▶ Assigned task: Reproduce the lines below verbatim. Pictures are to be omitted.

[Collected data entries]
※ ※ ※
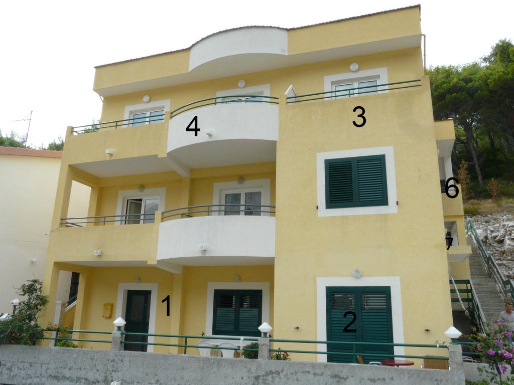 Naše apartmány se nachází 100 metrů od hotelu, nebo jen 2 minuty chůze od moře a krásné písečné pláže. Na pouhých 10 minut se konkrétní skalnatá pláž, kde si můžete vychutnat intimní atmosféru. K dispozici jsou apartmány 1.A3, 2.Studio 2, 3.Studio 2 +1, 4.A2 +1, +1 5.A4, 6.A2 +1 +5 s celkovým počtem 15 lůžek. Přátelští hostitelé budou dělat vše pro to, aby vaše dovolená příjemný a uvolněný.
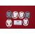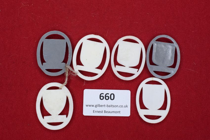 Six WHW plastic city crest badges in mixed colours, including Graz (grey), Luxemburg, Innsbruck, Wien (grey), Brünn, and Metz. All with suspension loops, some with string still attached.
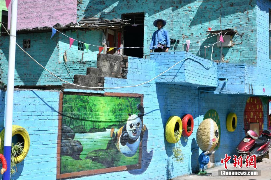 9月20日,河野村内普通的民房墙上彩绘色彩鲜艳。据了解,一个月前一个艺术家团队进驻村庄,在树上和墙上依据当地特色绘制了多幅彩绘,希望通过彩绘让河野村变得更美,吸引更多游客。中新社记者 任东 摄
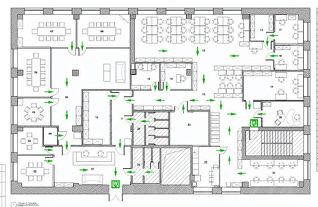 Описание помещения: Блок функциональной планировки, есть зона ресепшн, рабочая зона open space, отдельные кабинеты, переговорные комнаты, кухня и собственные санузлы. Выполнен современный ремонт.
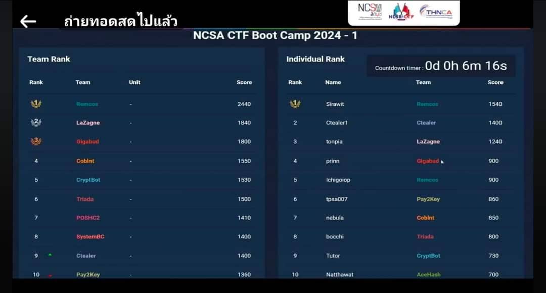 Websites : https://ctf.in.th/ncsactfbootcamp2024/ , https://www.facebook.com/THNCAbyNCSA
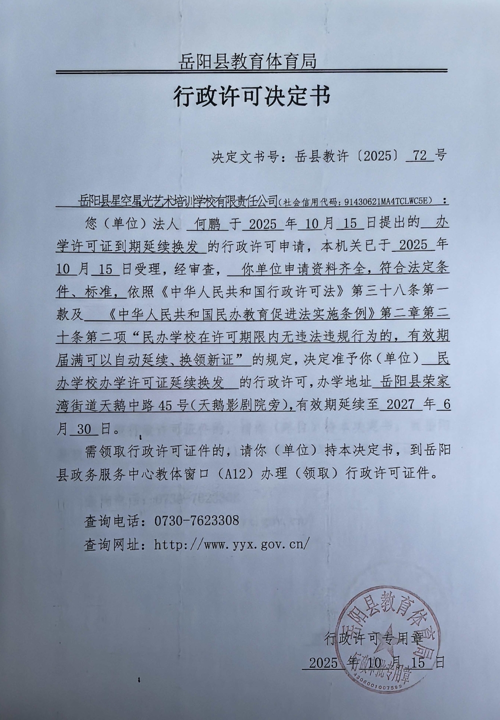 关于准予岳阳县星空星光艺术培训学校有限责任公司办学许可证到期延续换发的许可决定
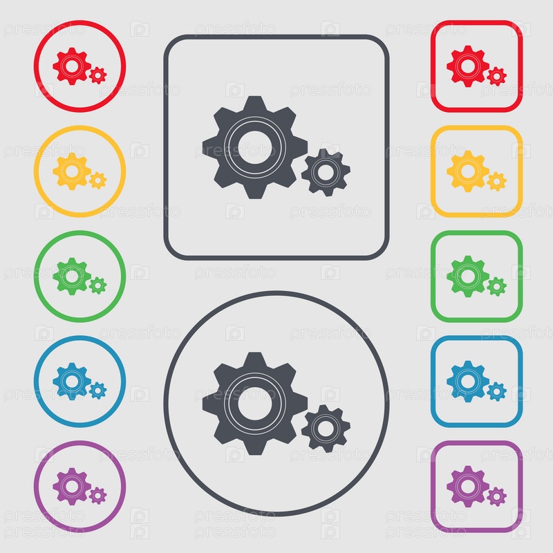 Винтик параметры знак значок. Зубчатая шестеренка. Символы на круглых и квадратных кнопок с рамкой. Вектор
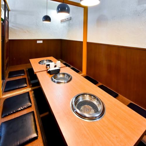 我們提供可容納 8 人的半私密下沉式暖桌座位。下沉式的暖桌座位,可以脫掉鞋子放鬆身心,非常適合與同事一起喝酒聚會、家庭聚餐和小型聚會。您可以在輕鬆的氛圍中享用正宗的烤肉,而無需擔心周圍的人。
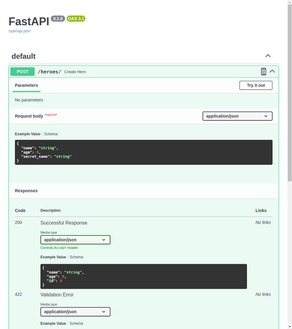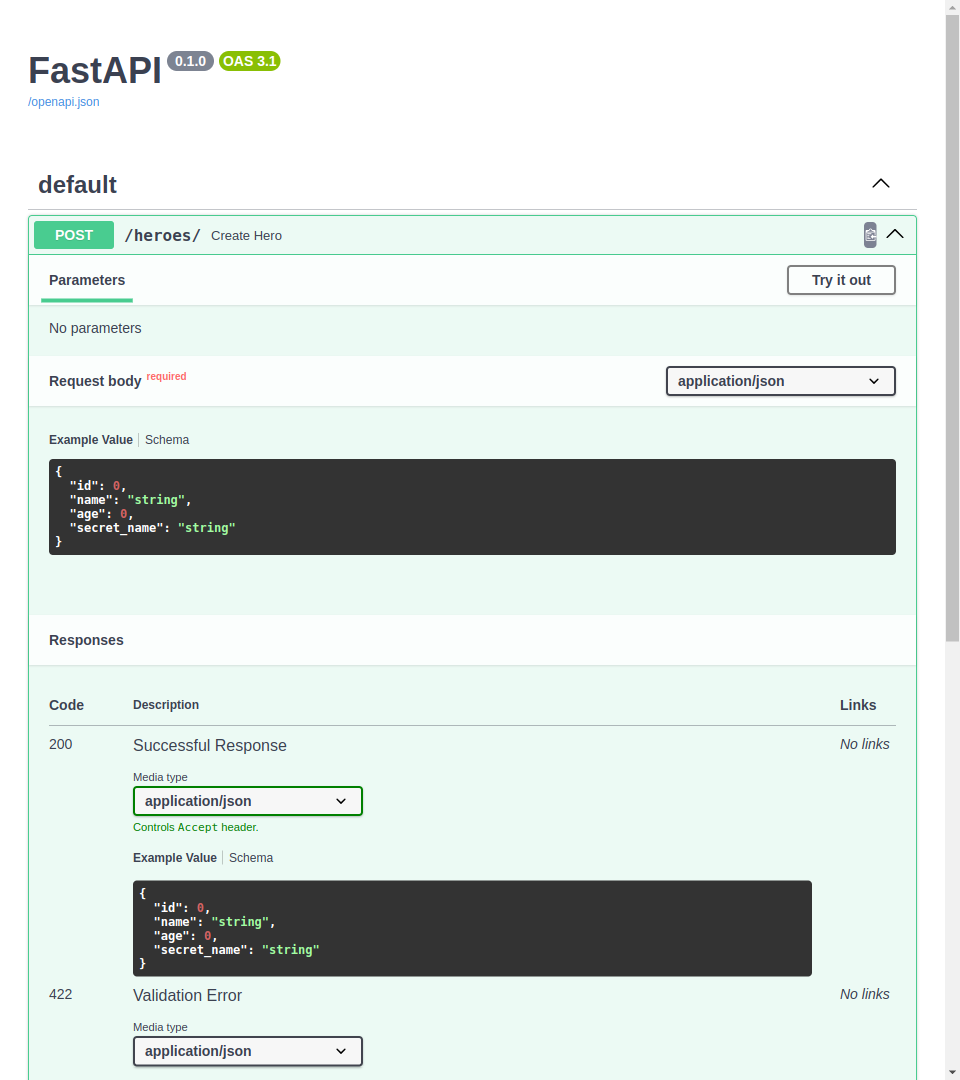 Se você for para a interface /docs da API, verá que agora ela está atualizada e não esperará receber o id do cliente ao criar um hero, etc.
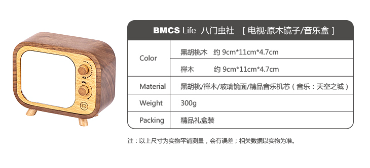 八门虫社电视原木音乐盒-黑胡桃木/榉木
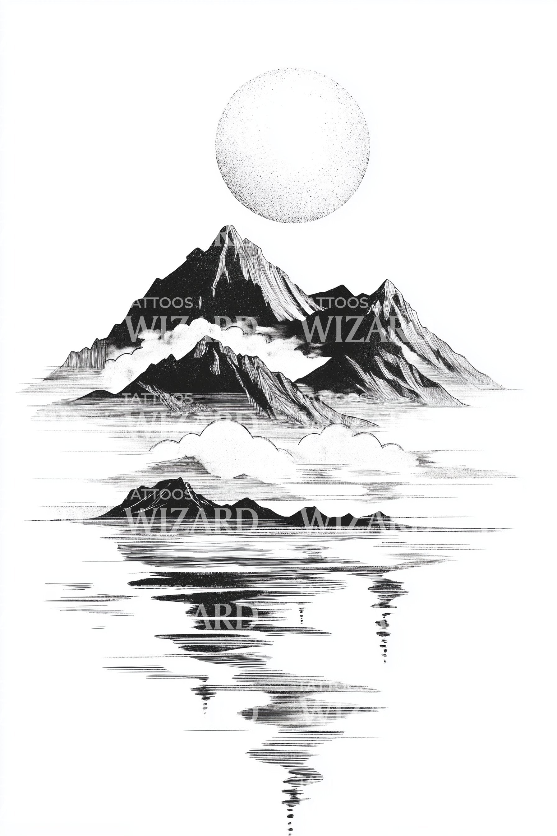 Освободите свою любовь к природе с этим стильным черно-серым тату-дизайном. Он мастерски демонстрирует спокойную красоту горного пейзажа, акцентируя внимание на зеркальных отражениях. Впечатляюще детализированный, он воплощает завораживающее очарование нетронутой дикой природы, идеально подходя для тех, кто восхищается величием природы.
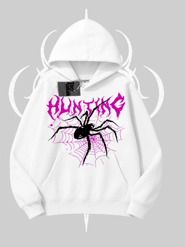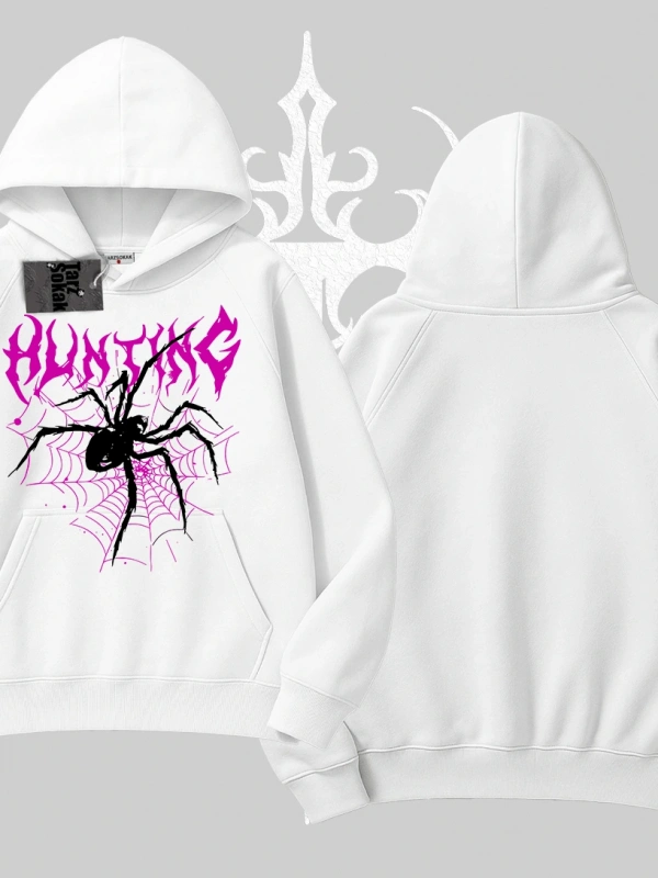 Beyaz Kapşonlu Sweatshirt Autumn Spider
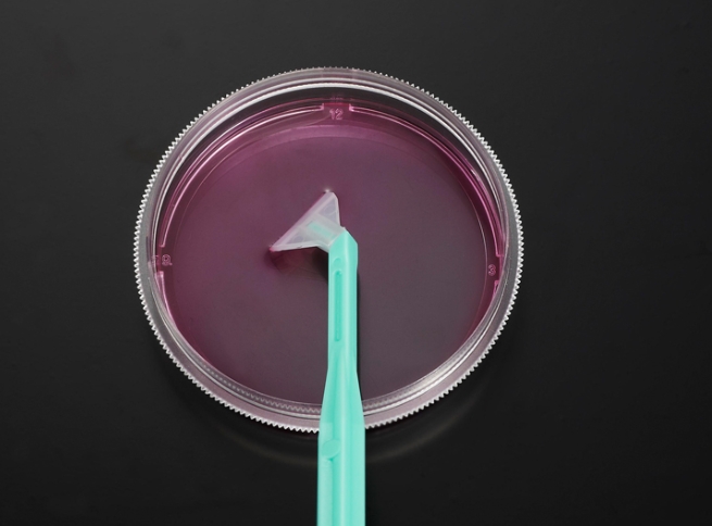 可旋式細胞刮刀在使用的過程中通過食指在刀柄上輕微的按壓,可推動手柄向下朝向容器底部,輕微的旋轉(zhuǎn)手柄,可讓刮刀葉片轉(zhuǎn)向所需的方向,更加方便的回收細胞。 長度規(guī)格:23cm 30cm 刀片規(guī)格:12mm 20mm
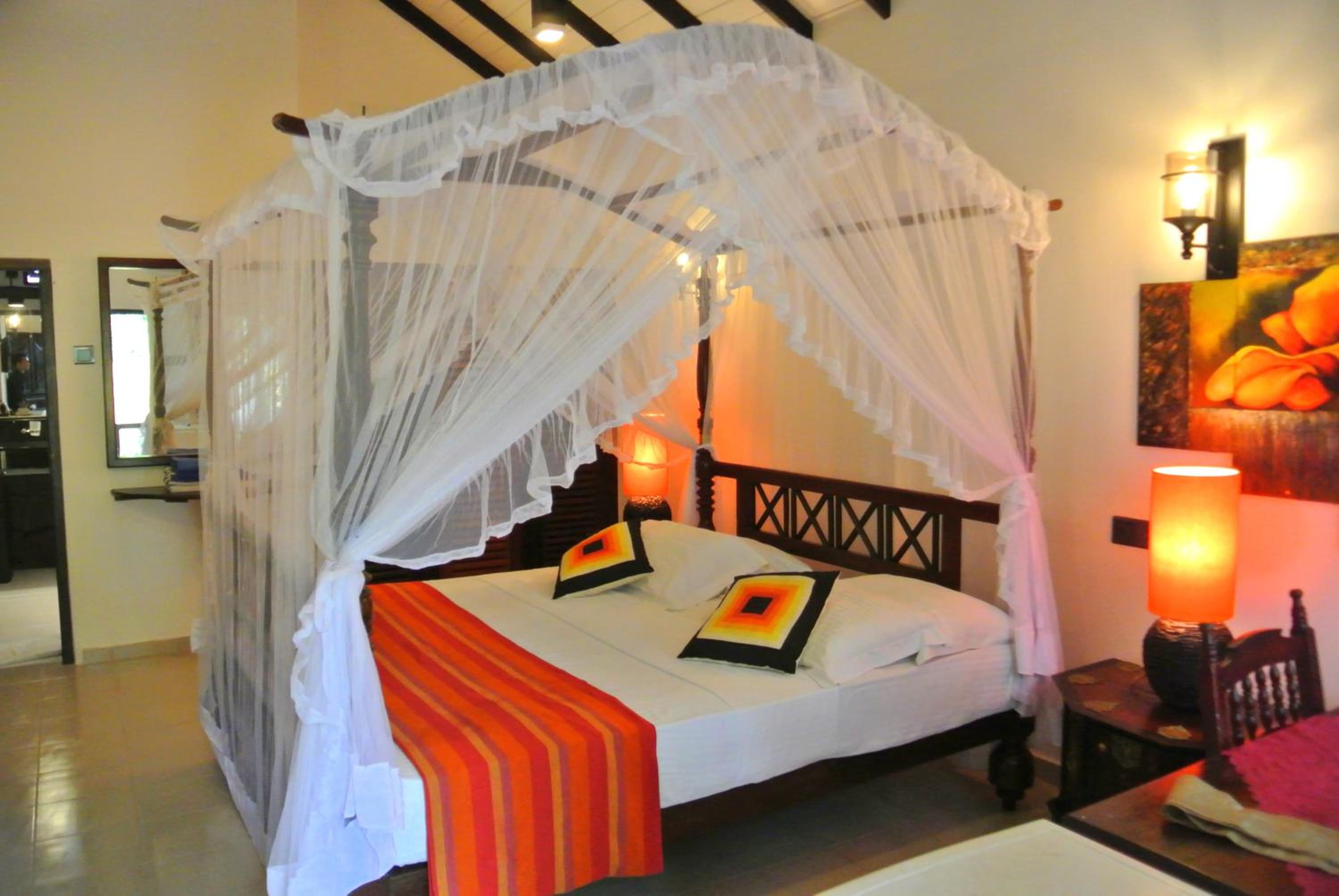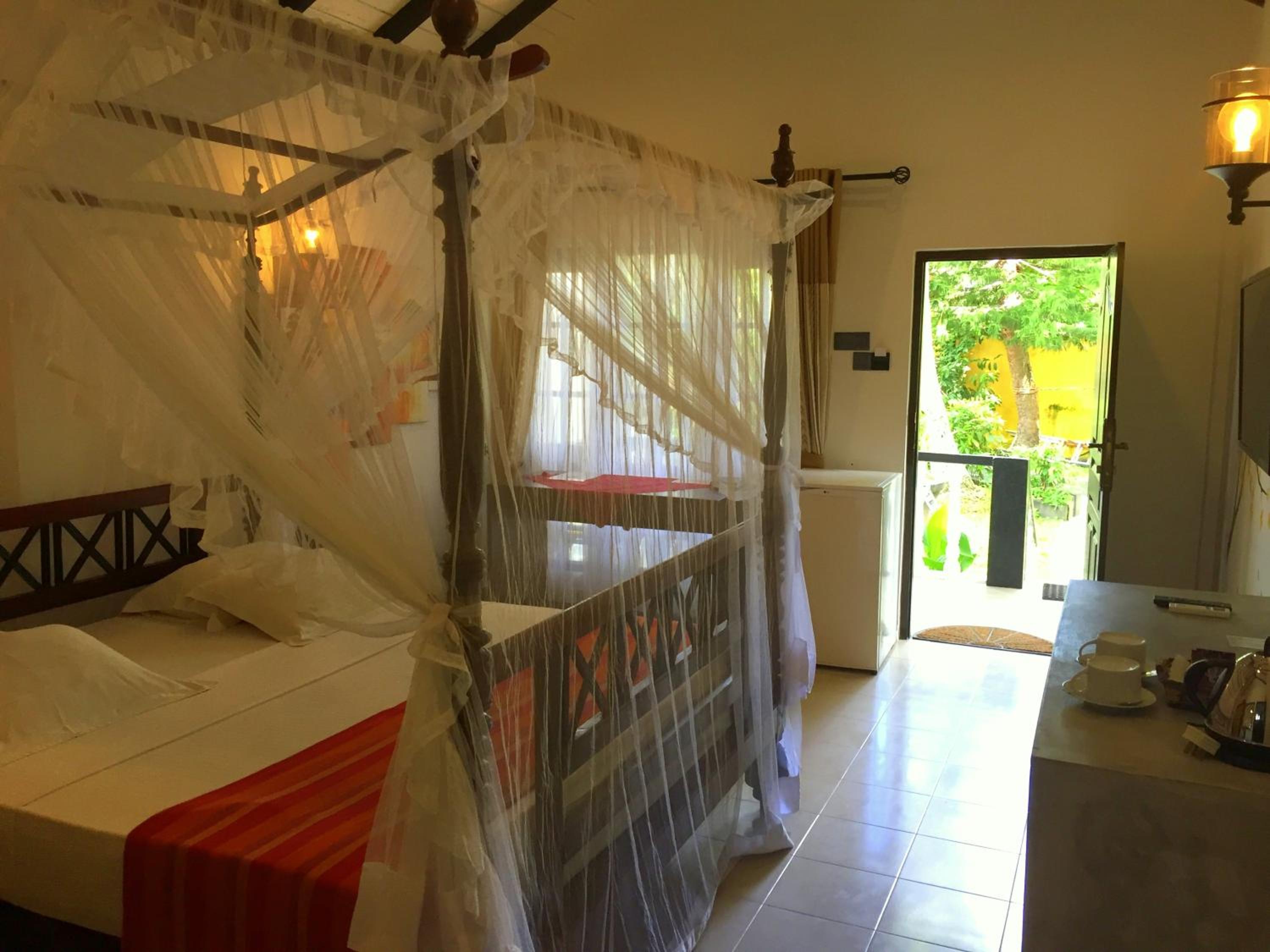 У нас был отдельный чудный маленький домик, где кровать с пологом, огромная ванная комната, маленький холодильник, рабочий стол. Правда кондиционер шумел как бешеный, надеюсь не во всех номерах так 🫣
※ ※ ※
▶ Output for this task:
 Naše apartmány se nachází 100 metrů od hotelu, nebo jen 2 minuty chůze od moře a krásné písečné pláže. Na pouhých 10 minut se konkrétní skalnatá pláž, kde si můžete vychutnat intimní atmosféru. K dispozici jsou apartmány 1.A3, 2.Studio 2, 3.Studio 2 +1, 4.A2 +1, +1 5.A4, 6.A2 +1 +5 s celkovým počtem 15 lůžek. Přátelští hostitelé budou dělat vše pro to, aby vaše dovolená příjemný a uvolněný.
 Six WHW plastic city crest badges in mixed colours, including Graz (grey), Luxemburg, Innsbruck, Wien (grey), Brünn, and Metz. All with suspension loops, some with string still attached.
 9月20日,河野村内普通的民房墙上彩绘色彩鲜艳。据了解,一个月前一个艺术家团队进驻村庄,在树上和墙上依据当地特色绘制了多幅彩绘,希望通过彩绘让河野村变得更美,吸引更多游客。中新社记者 任东 摄
 Описание помещения: Блок функциональной планировки, есть зона ресепшн, рабочая зона open space, отдельные кабинеты, переговорные комнаты, кухня и собственные санузлы. Выполнен современный ремонт.
 Websites : https://ctf.in.th/ncsactfbootcamp2024/ , https://www.facebook.com/THNCAbyNCSA
 关于准予岳阳县星空星光艺术培训学校有限责任公司办学许可证到期延续换发的许可决定
 Винтик параметры знак значок. Зубчатая шестеренка. Символы на круглых и квадратных кнопок с рамкой. Вектор
 我們提供可容納 8 人的半私密下沉式暖桌座位。下沉式的暖桌座位,可以脫掉鞋子放鬆身心,非常適合與同事一起喝酒聚會、家庭聚餐和小型聚會。您可以在輕鬆的氛圍中享用正宗的烤肉,而無需擔心周圍的人。
 Se você for para a interface /docs da API, verá que agora ela está atualizada e não esperará receber o id do cliente ao criar um hero, etc.
 八门虫社电视原木音乐盒-黑胡桃木/榉木
 Освободите свою любовь к природе с этим стильным черно-серым тату-дизайном. Он мастерски демонстрирует спокойную красоту горного пейзажа, акцентируя внимание на зеркальных отражениях. Впечатляюще детализированный, он воплощает завораживающее очарование нетронутой дикой природы, идеально подходя для тех, кто восхищается величием природы.
 Beyaz Kapşonlu Sweatshirt Autumn Spider
 可旋式細胞刮刀在使用的過程中通過食指在刀柄上輕微的按壓,可推動手柄向下朝向容器底部,輕微的旋轉(zhuǎn)手柄,可讓刮刀葉片轉(zhuǎn)向所需的方向,更加方便的回收細胞。 長度規(guī)格:23cm 30cm 刀片規(guī)格:12mm 20mm
 У нас был отдельный чудный маленький домик, где кровать с пологом, огромная ванная комната, маленький холодильник, рабочий стол. Правда кондиционер шумел как бешеный, надеюсь не во всех номерах так 🫣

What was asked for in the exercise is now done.